● **Work order**
Below is a listing. Quote from it, exactly, the lines from the one containing "만 19세에서 39세" down to the one containing "Domy połączone są", both ends included, and nothing else.

(Records for the exercise)

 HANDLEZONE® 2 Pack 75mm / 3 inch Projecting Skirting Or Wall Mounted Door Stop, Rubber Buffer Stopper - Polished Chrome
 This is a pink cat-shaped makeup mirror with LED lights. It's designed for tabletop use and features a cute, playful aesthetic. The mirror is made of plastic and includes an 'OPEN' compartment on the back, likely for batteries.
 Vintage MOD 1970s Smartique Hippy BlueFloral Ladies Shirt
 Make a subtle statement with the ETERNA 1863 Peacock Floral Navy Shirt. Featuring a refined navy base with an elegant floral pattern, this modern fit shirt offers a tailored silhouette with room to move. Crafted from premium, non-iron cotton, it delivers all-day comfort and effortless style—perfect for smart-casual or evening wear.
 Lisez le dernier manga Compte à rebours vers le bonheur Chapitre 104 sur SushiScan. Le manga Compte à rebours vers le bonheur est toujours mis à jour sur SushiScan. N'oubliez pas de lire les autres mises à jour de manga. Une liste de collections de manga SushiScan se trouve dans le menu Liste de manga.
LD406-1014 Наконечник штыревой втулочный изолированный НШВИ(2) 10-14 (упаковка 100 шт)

(End Records for the exercise)
(Records for the exercise)

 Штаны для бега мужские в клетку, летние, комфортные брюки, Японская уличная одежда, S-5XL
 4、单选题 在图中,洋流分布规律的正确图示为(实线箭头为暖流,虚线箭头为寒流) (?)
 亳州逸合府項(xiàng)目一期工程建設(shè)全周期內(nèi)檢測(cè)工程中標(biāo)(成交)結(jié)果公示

(End Records for the exercise)
(Records for the exercise)

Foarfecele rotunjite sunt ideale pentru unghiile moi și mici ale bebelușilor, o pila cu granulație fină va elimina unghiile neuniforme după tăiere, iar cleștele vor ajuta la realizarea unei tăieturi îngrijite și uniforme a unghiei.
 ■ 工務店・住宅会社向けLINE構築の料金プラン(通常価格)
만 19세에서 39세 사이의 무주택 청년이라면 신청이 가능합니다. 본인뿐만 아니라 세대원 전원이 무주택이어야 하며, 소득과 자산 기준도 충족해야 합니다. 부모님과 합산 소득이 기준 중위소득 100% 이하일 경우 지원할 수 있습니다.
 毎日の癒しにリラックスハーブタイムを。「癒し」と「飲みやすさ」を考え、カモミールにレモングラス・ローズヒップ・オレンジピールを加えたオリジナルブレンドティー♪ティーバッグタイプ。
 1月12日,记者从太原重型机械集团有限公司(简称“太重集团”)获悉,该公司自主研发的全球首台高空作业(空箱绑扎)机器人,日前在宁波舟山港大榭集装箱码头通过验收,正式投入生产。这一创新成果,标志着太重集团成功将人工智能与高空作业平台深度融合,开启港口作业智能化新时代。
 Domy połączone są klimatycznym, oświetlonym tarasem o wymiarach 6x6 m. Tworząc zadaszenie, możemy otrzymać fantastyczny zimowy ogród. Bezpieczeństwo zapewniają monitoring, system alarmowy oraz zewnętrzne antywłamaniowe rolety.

(End Records for the exercise)

● **Written reply**
만 19세에서 39세 사이의 무주택 청년이라면 신청이 가능합니다. 본인뿐만 아니라 세대원 전원이 무주택이어야 하며, 소득과 자산 기준도 충족해야 합니다. 부모님과 합산 소득이 기준 중위소득 100% 이하일 경우 지원할 수 있습니다.
 毎日の癒しにリラックスハーブタイムを。「癒し」と「飲みやすさ」を考え、カモミールにレモングラス・ローズヒップ・オレンジピールを加えたオリジナルブレンドティー♪ティーバッグタイプ。
 1月12日,记者从太原重型机械集团有限公司(简称“太重集团”)获悉,该公司自主研发的全球首台高空作业(空箱绑扎)机器人,日前在宁波舟山港大榭集装箱码头通过验收,正式投入生产。这一创新成果,标志着太重集团成功将人工智能与高空作业平台深度融合,开启港口作业智能化新时代。
 Domy połączone są klimatycznym, oświetlonym tarasem o wymiarach 6x6 m. Tworząc zadaszenie, możemy otrzymać fantastyczny zimowy ogród. Bezpieczeństwo zapewniają monitoring, system alarmowy oraz zewnętrzne antywłamaniowe rolety.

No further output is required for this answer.